When you enjoy a rose from every direction – when you can look at each petal individually – when you can see the bloom from every angle … What a sensory joy that can be! And now imagine doing the same with a “problem”.
I do that so often.
And very often it is something so important to me that I suspend this “problem” in mid-air and walk around it. Seeing it from every angle. Seeing each nuance of “what if…”. The problem is usually to do with love, goodness and light. The “issue” is whether I am right to give this “thing” so much time. To the point where I begin to resent this good thing and the chunk of my life it is taking up. Always at the expense of other things I hold as important.
Right now it is all this God stuff that I am tussling with.

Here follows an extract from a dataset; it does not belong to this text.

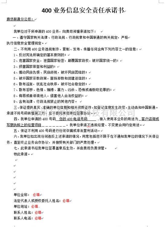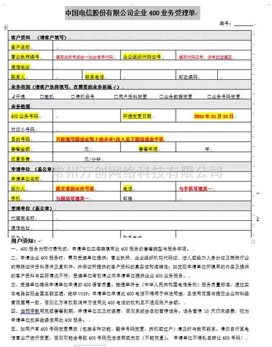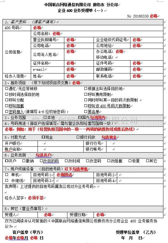從現(xiàn)在開始,所有 400電話都必需實名制,填寫表單分電話和聯(lián)通不同。具體信息如下:

This blog – a place where I found community. A place where connections at a deep level are common. A place where change seems not only possible – but welcoming and safe. And from which came the call to local preaching. Greater involvement in the local church and churches here.
And a place where connections are not so welcome, change is not so welcome, where the status quo and hierarchy and God qualifications matter. And a calling that sucks out more time than I would have thought possible. I find I am walking with those who walk with an establishment God, rather than those who walk alone and seek something they have not yet found. I walk with the churched not the un-churched. And the churched are an odd bunch. They also want community. But community that is of holidays, social gatherings, politics, funding, maintenance, who is in and who is out. That kind of community. I find I am compromising again. I am resenting again. I am questioning again.

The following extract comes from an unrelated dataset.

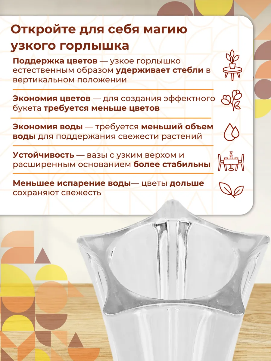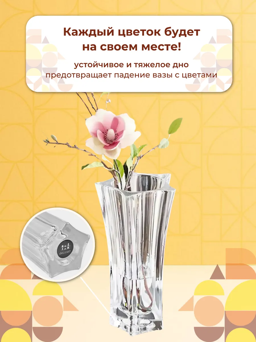 Ваза хрустальная стеклянная проста в уходе — достаточно промывать тёплой водой и протирать мягкой тканью без ворса. Толстое дно обеспечивает устойчивость даже при размещении тяжёлых букетов. Универсальная форма подходит для цветов любой длины — от коротких тюльпанов до высоких гладиолусов.

I want to exit all this – again.
Because in the balancing act of living I have lost the community of this blog world. Community takes time. Community takes presence. And reading your words, your posts – commenting with love – with desire to love … That time is taken elsewhere. And that hurts me. Because those connections of community were(!) life changing. And I miss them.
And then a growing family with grandchildren – a full-time job that needs me focused – a loving partner who supports (but misses) me. Time-tugging is a way of life. And at the core is God. A living God. A constant God. Who also misses me! And I miss Him. I miss the me that is better for walking with Him. I miss the me who walks with others more gently when I walk with Him. I miss the me who gets more done more wisely when I walk with Him.
And then this –
“As they were going along the road, someone said to Jesus, “I will follow you wherever you go.” And Jesus said to him, “Foxes have holes, and birds of the air have nests; but the Son of Man has nowhere to lay his head.” To another he said, “Follow me.” But he said, “Lord, first let me go and bury my father.” But Jesus said to him, “Let the dead bury their own dead; but as for you, go and proclaim the kingdom of God.” Another said, “I will follow you, Lord; but let me first say farewell to those at my home.” Jesus said to him, “No one who puts a hand to the plough and looks back is fit for the kingdom of God.” “ Luke 9:57-62
And I heard Him whisper again. That beautiful loving sense of sound. A vibration of safety and security.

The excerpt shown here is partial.